The study presents several limitations that may impact the validity and generalizability of its findings. A primary concern is the small sample size, with only 24 out of the targeted 34 participants recruited, potentially leading to an underpowered analysis. The majority of participants were junior doctors, including interns and early-career residents, whose limited experience with complex clinical reasoning tasks could have influenced their performance on both AI-generated and human-generated multiple-choice questions (MCQs). This demographic factor raises questions about the applicability of the results to a broader population of medical professionals.

Additionally, the prompts used for generating AI MCQs, while aligned with PEEM standards, did not specifically target higher-order cognitive skills, which may have affected the quality of the questions. The context in which the AI-generated questions were administered—a mock examination—differed from the actual PEEM examination setting for human-generated questions, potentially impacting participant motivation and performance.
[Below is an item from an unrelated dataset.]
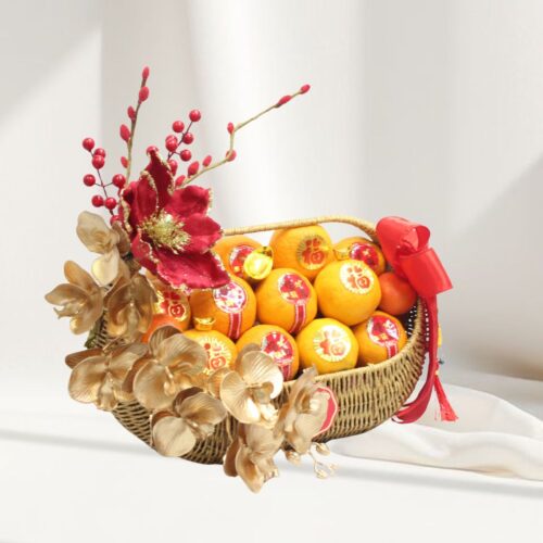 Send festive blessings with a Chinese New Year gift hamper of 28 juicy mandarins paired with refined Prosperity Florals – a meaningful gift for loved ones.

A three-week interval between assessments could also have led to enhanced study efforts, further confounding the results. Furthermore, the AI model’s training cutoff may mean that advancements in AI capabilities post-cutoff are not reflected in the study’s findings. Lastly, the absence of blinding for expert evaluators and participants introduces potential biases that should be acknowledged when interpreting the results.